#### Exercise prompt:
Among the entries below, find the lines that hold the word "your" and report them.

#### Data to examine:
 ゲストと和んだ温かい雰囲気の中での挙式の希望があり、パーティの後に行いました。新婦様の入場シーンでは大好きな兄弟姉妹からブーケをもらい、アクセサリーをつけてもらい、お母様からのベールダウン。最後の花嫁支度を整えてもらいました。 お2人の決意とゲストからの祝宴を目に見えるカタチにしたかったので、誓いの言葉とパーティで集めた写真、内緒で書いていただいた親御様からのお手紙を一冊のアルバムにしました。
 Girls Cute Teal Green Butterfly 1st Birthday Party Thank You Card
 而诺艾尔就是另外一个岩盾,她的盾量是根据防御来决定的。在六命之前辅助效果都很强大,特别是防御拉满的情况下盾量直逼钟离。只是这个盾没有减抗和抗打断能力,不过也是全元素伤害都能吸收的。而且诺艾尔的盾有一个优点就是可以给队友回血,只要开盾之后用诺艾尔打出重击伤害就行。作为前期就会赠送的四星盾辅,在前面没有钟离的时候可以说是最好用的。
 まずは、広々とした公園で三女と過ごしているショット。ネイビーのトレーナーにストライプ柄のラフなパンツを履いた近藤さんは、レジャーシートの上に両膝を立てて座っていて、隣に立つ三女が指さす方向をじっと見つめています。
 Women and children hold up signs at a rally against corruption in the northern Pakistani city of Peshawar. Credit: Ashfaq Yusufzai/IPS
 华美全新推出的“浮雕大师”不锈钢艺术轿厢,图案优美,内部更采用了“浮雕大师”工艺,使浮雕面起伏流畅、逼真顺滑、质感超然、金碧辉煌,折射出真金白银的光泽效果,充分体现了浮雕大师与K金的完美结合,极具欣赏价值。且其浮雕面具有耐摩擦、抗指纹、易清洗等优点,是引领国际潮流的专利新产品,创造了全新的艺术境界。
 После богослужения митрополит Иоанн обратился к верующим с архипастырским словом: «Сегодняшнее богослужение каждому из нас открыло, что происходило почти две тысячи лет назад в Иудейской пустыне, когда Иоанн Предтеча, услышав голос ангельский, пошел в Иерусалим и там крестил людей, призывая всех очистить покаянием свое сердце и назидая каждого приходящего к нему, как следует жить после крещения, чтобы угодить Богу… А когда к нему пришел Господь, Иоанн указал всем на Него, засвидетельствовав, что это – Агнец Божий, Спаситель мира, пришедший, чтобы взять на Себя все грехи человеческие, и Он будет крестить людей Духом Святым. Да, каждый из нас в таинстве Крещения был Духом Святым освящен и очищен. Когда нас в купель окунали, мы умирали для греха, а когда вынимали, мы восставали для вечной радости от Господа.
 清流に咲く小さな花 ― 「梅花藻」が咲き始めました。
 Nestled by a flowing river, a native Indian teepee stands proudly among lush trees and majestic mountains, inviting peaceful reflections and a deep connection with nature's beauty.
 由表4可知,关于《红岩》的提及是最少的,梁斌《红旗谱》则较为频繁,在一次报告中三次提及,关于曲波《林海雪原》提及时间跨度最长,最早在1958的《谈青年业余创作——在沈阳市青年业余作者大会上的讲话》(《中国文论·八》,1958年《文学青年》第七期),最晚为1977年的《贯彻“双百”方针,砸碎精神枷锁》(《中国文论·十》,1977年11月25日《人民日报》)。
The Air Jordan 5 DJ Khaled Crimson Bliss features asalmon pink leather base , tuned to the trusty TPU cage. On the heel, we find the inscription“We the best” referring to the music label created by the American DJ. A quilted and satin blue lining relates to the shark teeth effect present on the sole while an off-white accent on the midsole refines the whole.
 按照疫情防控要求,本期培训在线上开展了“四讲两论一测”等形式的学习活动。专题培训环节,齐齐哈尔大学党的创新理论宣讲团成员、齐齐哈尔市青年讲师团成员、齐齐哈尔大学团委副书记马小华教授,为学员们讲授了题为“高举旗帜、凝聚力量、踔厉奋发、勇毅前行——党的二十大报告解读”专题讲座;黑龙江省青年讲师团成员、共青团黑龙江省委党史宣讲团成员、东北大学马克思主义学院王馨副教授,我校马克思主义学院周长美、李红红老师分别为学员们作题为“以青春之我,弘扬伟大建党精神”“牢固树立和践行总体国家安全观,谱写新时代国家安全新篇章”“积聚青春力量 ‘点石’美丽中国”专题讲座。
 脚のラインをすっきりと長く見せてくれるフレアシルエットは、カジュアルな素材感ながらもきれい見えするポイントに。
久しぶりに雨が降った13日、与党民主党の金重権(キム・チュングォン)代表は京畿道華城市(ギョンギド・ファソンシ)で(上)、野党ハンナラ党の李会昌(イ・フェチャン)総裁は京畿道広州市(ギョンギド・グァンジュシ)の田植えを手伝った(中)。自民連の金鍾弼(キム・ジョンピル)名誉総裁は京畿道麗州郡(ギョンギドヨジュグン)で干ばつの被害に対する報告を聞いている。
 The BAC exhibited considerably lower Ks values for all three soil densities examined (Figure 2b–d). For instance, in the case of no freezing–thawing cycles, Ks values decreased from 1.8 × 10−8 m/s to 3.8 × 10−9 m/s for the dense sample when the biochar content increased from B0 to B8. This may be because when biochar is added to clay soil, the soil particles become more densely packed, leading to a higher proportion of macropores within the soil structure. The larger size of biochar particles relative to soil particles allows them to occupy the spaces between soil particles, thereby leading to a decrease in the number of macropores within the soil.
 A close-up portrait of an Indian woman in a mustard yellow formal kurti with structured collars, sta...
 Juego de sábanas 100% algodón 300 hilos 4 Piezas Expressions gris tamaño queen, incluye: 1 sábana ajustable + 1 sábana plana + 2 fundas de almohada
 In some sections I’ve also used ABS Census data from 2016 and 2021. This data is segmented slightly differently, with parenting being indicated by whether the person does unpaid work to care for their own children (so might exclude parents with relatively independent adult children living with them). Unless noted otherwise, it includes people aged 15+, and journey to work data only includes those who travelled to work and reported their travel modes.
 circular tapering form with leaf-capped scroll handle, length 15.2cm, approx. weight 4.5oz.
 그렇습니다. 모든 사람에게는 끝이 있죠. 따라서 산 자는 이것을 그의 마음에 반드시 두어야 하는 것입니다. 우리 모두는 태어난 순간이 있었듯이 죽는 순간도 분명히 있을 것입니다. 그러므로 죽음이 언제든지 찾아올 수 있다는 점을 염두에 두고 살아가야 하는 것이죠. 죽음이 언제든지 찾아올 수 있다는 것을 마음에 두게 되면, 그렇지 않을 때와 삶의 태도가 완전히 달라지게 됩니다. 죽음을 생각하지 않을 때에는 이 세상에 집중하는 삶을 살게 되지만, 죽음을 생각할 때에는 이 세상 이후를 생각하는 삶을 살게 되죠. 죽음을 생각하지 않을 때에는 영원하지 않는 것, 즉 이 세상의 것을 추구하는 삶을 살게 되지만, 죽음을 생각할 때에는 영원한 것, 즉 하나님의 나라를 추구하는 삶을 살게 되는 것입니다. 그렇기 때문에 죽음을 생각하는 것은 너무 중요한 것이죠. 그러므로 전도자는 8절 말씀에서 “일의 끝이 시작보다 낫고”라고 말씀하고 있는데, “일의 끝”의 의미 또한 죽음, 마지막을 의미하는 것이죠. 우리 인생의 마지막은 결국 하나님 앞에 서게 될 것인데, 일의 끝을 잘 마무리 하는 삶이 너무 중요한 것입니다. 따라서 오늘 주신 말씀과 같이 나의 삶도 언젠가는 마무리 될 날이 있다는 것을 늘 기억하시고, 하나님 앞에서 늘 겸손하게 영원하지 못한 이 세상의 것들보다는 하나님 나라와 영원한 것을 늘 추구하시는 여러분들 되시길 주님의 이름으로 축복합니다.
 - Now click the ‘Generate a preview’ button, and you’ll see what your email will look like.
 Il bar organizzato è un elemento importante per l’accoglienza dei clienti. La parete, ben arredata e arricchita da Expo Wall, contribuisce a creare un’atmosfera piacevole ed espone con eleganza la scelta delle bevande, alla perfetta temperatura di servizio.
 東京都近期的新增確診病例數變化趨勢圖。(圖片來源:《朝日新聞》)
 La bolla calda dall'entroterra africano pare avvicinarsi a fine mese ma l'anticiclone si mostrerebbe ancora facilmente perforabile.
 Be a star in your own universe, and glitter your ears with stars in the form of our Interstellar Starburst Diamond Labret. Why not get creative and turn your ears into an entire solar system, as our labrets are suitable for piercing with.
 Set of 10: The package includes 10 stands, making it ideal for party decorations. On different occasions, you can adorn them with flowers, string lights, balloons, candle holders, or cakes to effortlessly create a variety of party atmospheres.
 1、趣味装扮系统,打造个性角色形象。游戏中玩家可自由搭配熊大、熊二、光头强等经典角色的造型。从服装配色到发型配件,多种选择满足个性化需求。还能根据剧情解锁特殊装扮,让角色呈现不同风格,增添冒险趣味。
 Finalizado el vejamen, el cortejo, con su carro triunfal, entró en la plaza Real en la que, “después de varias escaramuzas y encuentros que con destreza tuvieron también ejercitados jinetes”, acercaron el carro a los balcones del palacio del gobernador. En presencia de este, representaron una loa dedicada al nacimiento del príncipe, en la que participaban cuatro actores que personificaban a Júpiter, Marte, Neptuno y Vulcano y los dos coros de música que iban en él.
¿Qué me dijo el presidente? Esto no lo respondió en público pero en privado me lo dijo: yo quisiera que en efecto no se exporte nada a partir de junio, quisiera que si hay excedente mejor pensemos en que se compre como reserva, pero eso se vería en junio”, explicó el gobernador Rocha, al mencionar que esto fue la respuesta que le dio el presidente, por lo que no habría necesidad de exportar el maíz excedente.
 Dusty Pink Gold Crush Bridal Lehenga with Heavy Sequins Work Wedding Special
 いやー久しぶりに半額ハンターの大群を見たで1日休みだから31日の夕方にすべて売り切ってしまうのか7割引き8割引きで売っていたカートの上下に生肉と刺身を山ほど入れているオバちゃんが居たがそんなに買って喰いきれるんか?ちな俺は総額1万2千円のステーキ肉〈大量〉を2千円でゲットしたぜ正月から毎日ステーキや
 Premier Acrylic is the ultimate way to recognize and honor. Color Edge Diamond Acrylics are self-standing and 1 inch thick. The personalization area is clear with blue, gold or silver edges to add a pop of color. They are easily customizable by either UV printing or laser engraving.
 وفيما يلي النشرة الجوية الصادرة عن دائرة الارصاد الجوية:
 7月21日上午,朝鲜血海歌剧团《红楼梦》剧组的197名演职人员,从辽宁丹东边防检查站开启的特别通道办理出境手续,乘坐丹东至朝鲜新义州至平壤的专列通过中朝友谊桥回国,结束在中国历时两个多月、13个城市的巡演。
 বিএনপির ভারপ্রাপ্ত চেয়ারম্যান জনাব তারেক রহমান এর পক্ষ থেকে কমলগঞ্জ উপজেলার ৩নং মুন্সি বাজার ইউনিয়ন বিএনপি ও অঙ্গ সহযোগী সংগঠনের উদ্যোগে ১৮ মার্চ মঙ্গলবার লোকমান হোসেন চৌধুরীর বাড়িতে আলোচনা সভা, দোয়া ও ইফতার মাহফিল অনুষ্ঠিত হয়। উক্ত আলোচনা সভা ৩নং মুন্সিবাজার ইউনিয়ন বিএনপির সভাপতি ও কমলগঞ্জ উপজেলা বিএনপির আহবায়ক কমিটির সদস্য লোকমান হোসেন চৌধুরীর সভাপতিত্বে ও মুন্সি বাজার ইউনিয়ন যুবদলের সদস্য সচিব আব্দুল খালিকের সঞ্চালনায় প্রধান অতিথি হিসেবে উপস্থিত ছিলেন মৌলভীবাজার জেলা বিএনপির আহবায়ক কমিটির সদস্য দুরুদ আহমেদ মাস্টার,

#### Answer below:
 - Now click the ‘Generate a preview’ button, and you’ll see what your email will look like.
 Be a star in your own universe, and glitter your ears with stars in the form of our Interstellar Starburst Diamond Labret. Why not get creative and turn your ears into an entire solar system, as our labrets are suitable for piercing with.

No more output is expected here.